Source data

====================

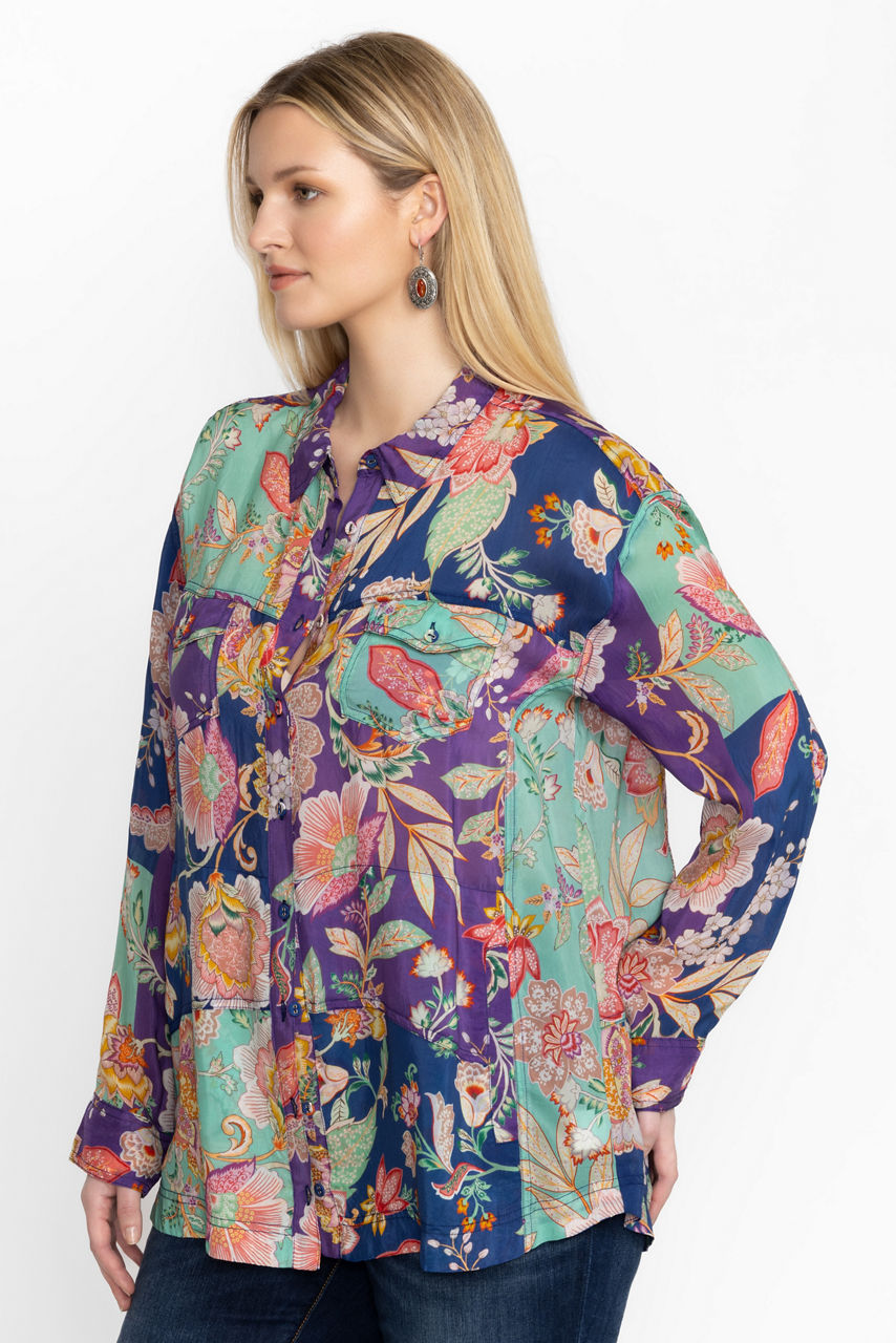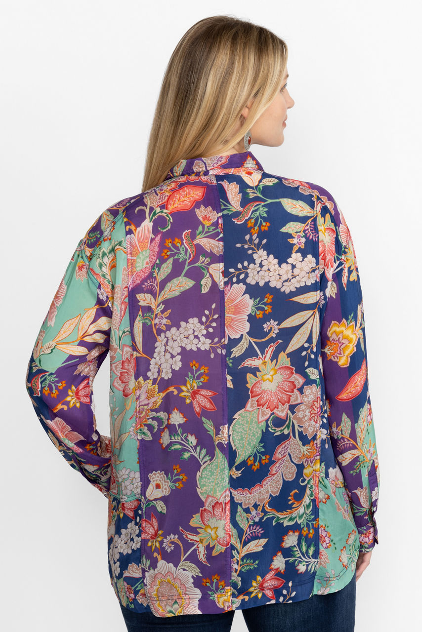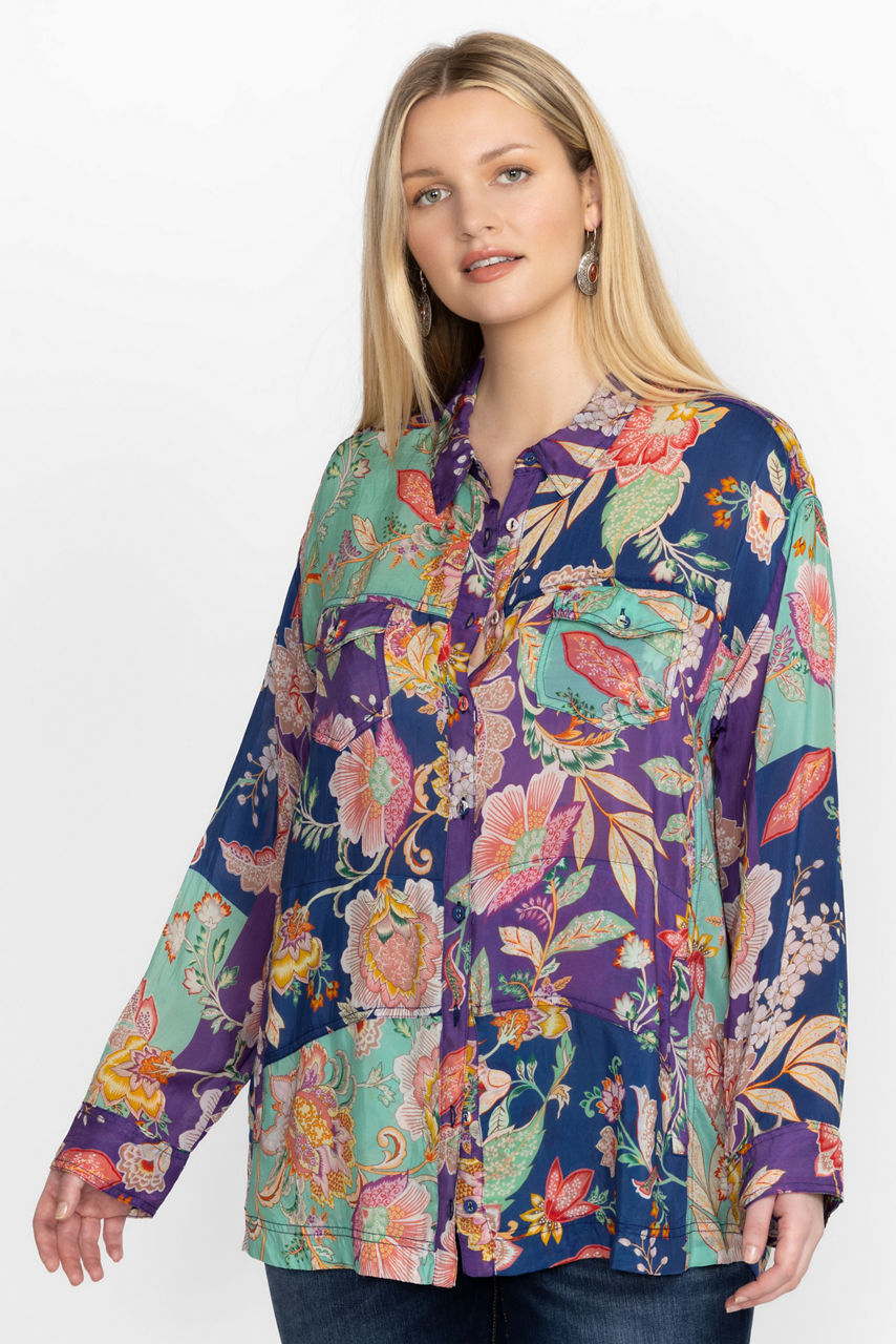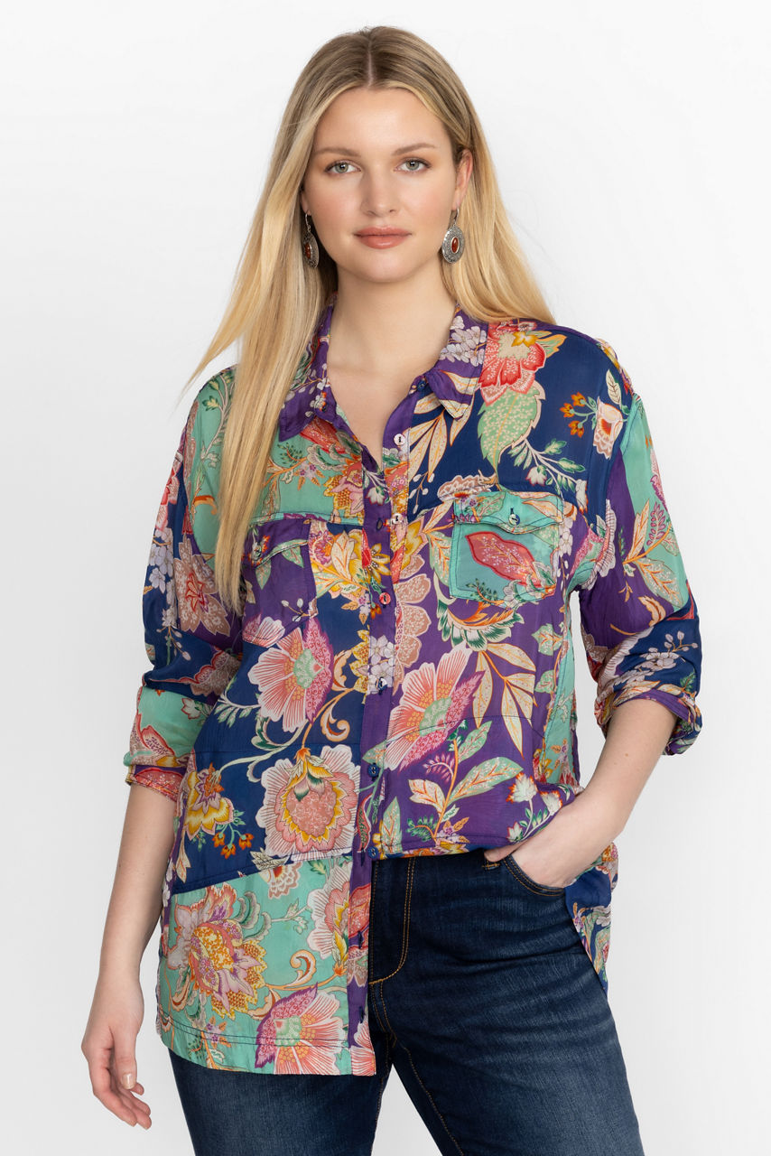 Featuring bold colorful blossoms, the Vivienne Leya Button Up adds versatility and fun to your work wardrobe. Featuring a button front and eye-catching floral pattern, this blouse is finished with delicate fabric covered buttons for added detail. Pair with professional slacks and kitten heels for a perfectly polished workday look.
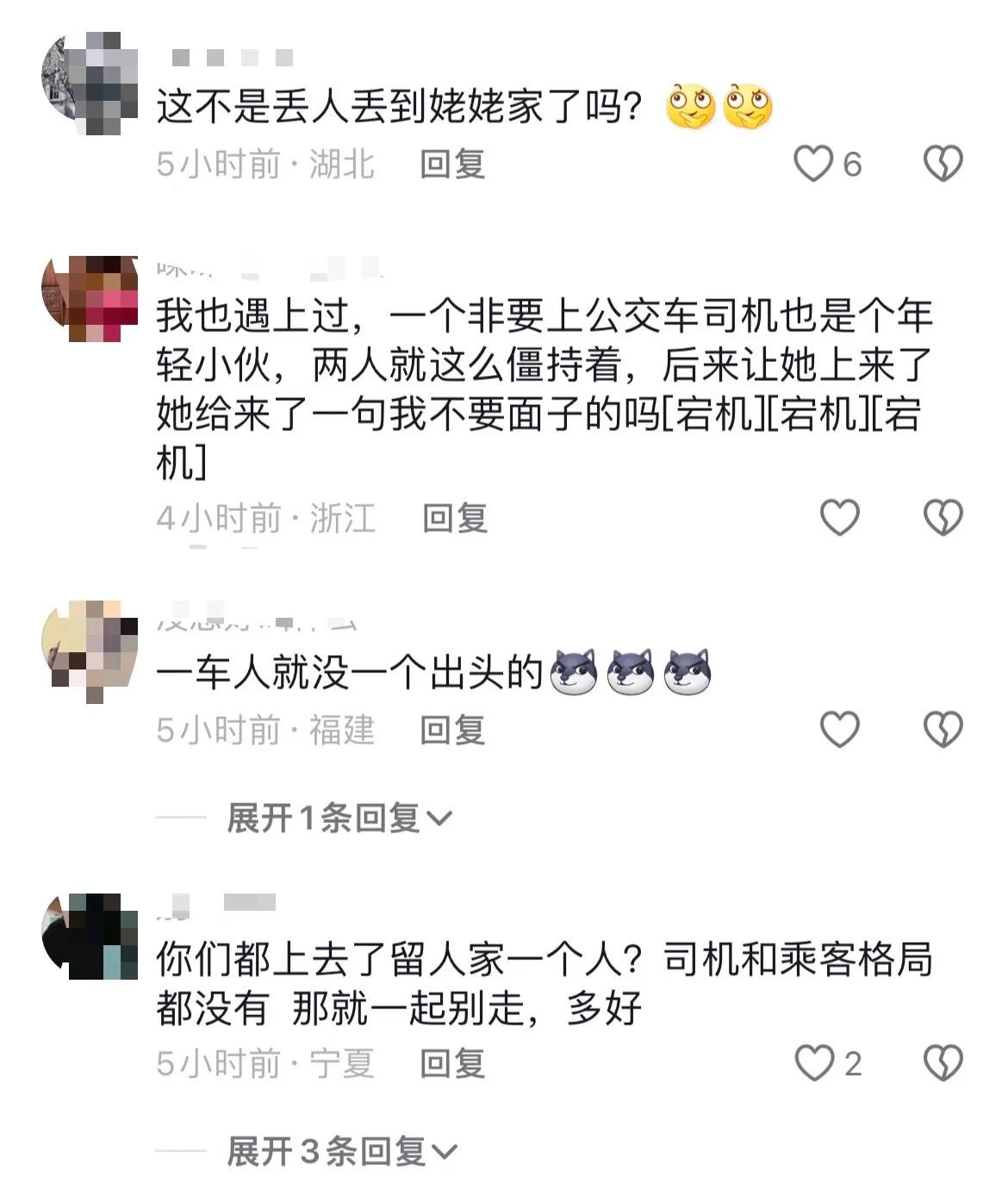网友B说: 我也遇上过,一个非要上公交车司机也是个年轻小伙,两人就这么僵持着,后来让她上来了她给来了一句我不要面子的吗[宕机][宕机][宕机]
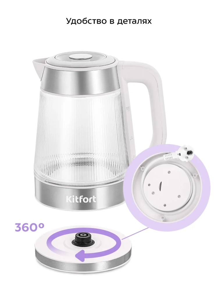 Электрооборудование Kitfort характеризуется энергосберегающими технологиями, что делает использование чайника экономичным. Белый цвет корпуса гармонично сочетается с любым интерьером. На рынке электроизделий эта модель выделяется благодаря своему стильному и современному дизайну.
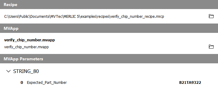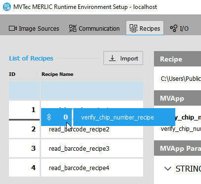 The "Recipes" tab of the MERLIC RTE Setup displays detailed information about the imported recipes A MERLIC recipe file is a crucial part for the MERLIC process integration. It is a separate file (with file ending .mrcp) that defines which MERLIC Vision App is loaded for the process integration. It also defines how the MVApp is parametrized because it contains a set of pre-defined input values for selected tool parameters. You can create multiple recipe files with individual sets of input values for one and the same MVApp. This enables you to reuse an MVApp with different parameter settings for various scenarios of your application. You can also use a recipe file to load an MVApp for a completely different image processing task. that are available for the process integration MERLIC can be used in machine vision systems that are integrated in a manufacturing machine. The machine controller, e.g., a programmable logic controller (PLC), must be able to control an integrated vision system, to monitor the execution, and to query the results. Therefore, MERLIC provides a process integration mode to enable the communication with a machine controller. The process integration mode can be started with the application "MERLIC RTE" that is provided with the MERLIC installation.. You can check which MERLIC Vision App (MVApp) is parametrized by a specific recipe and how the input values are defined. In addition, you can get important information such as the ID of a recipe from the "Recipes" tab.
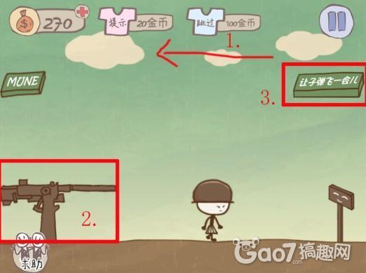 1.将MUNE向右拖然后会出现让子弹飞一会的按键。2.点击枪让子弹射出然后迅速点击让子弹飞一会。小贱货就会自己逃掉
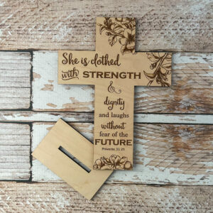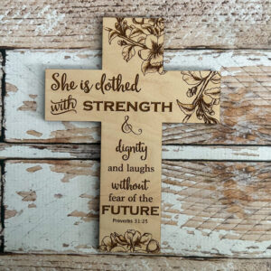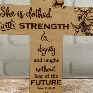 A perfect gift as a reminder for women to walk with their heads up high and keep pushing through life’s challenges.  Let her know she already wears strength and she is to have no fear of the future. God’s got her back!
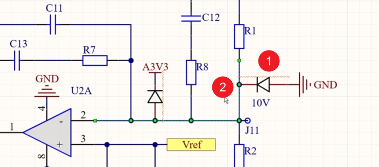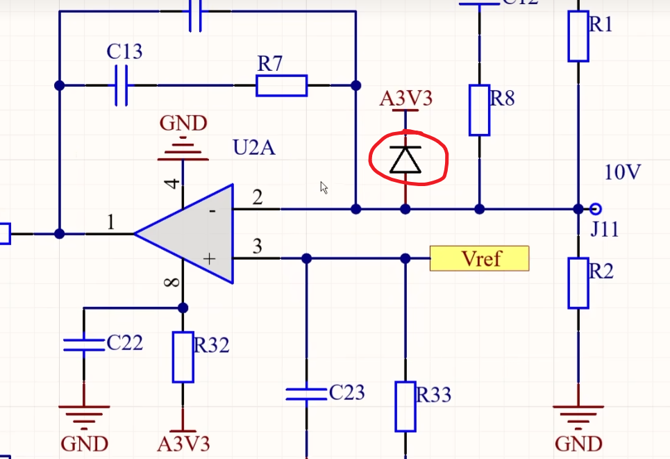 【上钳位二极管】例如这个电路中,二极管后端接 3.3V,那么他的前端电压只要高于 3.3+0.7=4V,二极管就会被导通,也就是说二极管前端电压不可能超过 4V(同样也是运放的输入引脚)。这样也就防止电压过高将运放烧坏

====================

__WORK TASK__: Make an exact copy of the records from their first line through the line containing "网友B说: 我也遇上过,一个", both ends included, with the pictures omitted.

__RESPONSE__:
 Featuring bold colorful blossoms, the Vivienne Leya Button Up adds versatility and fun to your work wardrobe. Featuring a button front and eye-catching floral pattern, this blouse is finished with delicate fabric covered buttons for added detail. Pair with professional slacks and kitten heels for a perfectly polished workday look.
网友B说: 我也遇上过,一个非要上公交车司机也是个年轻小伙,两人就这么僵持着,后来让她上来了她给来了一句我不要面子的吗[宕机][宕机][宕机]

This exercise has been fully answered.